I am not one for reading any books about the paranormal as I
generally find it all unverifiable bunkum, but this title crossed my desk as a
possible donation to the collection, and in looking at the writing style and
decent reviews by legitimate sources such as the Chicago Tribune, I was
intrigued.
The author, Tom Shroder, is an award-winning journalist, and
more important a skeptic when it comes to anything otherworldly; he comes down
solidly on the side of the scientific method and the need of proof and duplication.

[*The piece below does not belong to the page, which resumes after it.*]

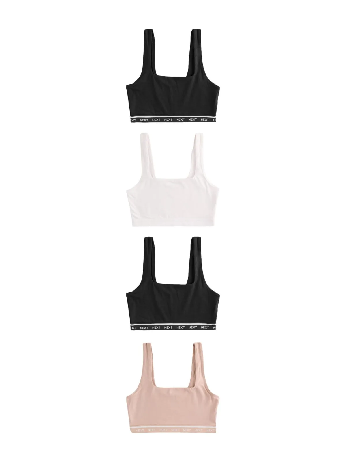 Cup soorten: Soft cup bh; Soort bandjes: Racerback; Bh/bikini type: Bustier; Beugel: Zonder beugel; Design: Elastische taille/zoom; Materiaal: Jersey; Motief: Logoprint; Extra's: Voelt zacht aan; Aantal: 4 Pack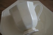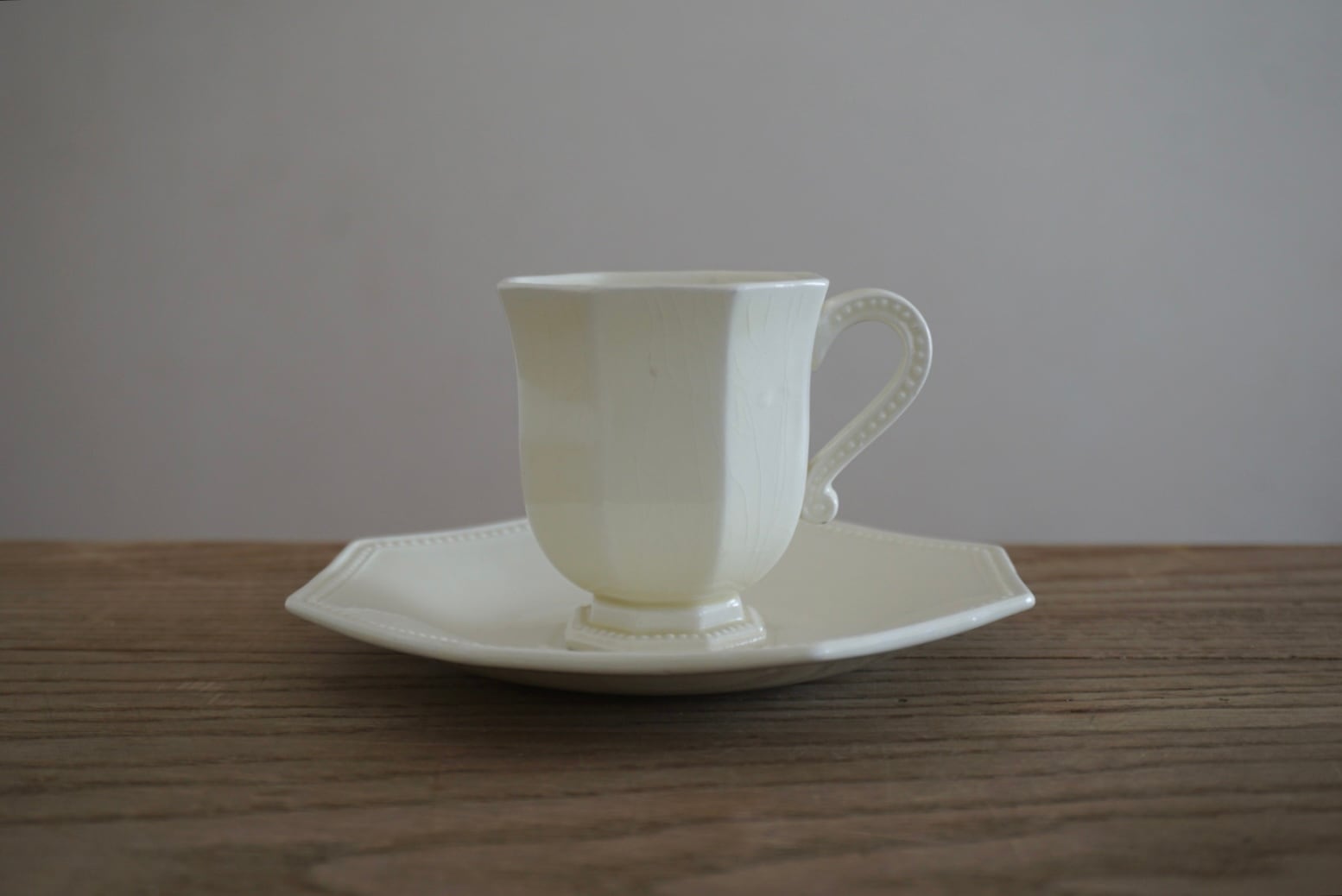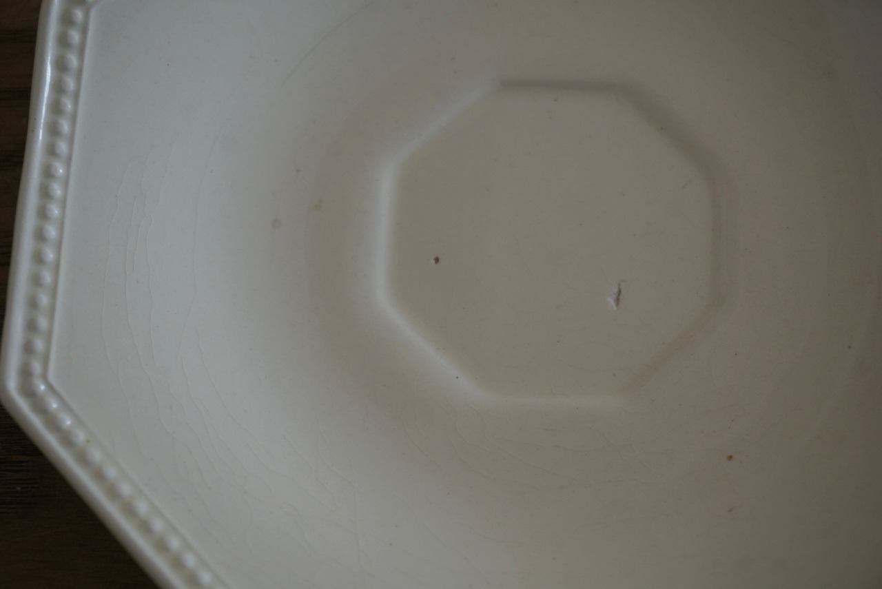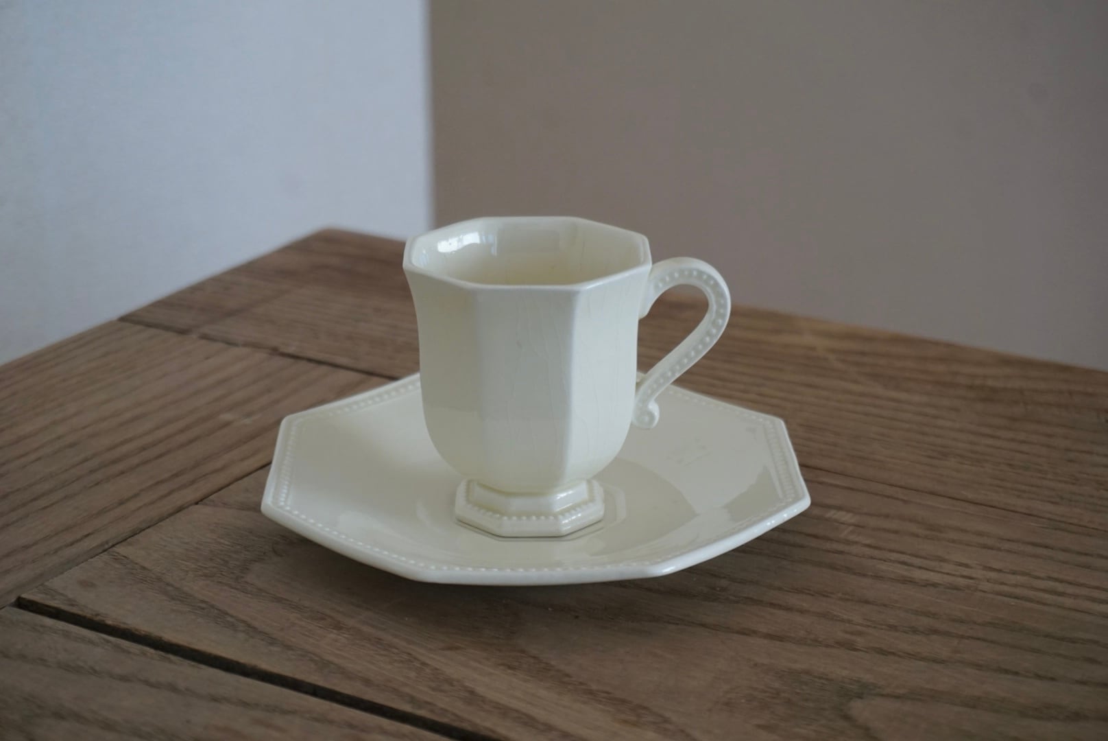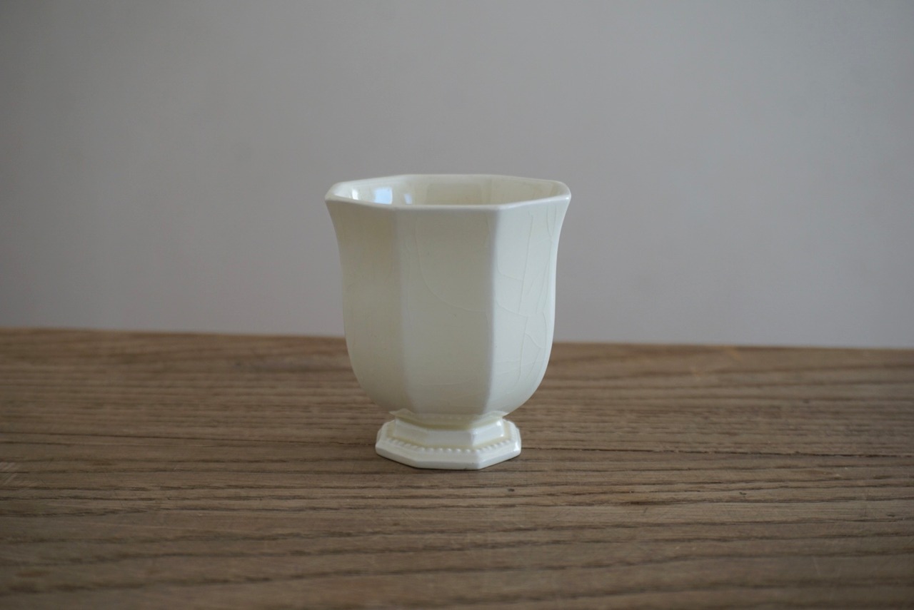 パリ近郊 Creil et Montereau窯より、オクトゴナルのカップ&ソーサーです。手にする度に光が当たった時の陰影がとても美しく、優雅で気品ある曲線美がとても計算されたシルエットだと感じます。デミタスサイズで少しずついただくお茶やコーヒーも、ゆっくりと時が流れて心落ち着くひと時となり、良いですよね。

Given that, he was also intrigued by a report about a physician and
psychiatrist Ian Stevenson, who has spent the last 37 years investigating
children from all over the world, who, from the first moment they can talk,
insist they are someone else. These are not vague recollections but specific
details of who they believe they really are and it is usually a person who died
in a horrific way just minutes, weeks but sometimes years before the child was
born.Usually the child is so insistent the family will try to find out about the person and visit the family. This is where things get very strange and not easily dismissed. The author Shroder, travels with Stephenson as he revisits some of the cases. Stephenson, too, is looking for some kind of verification – all he knows is that the stories are very similar and compelling. Is it reincarnation? Is it some sort of memory transmutation; is it all lies that imaginative children tell? It’s a good read that will leave you also wondering what exactly is going on.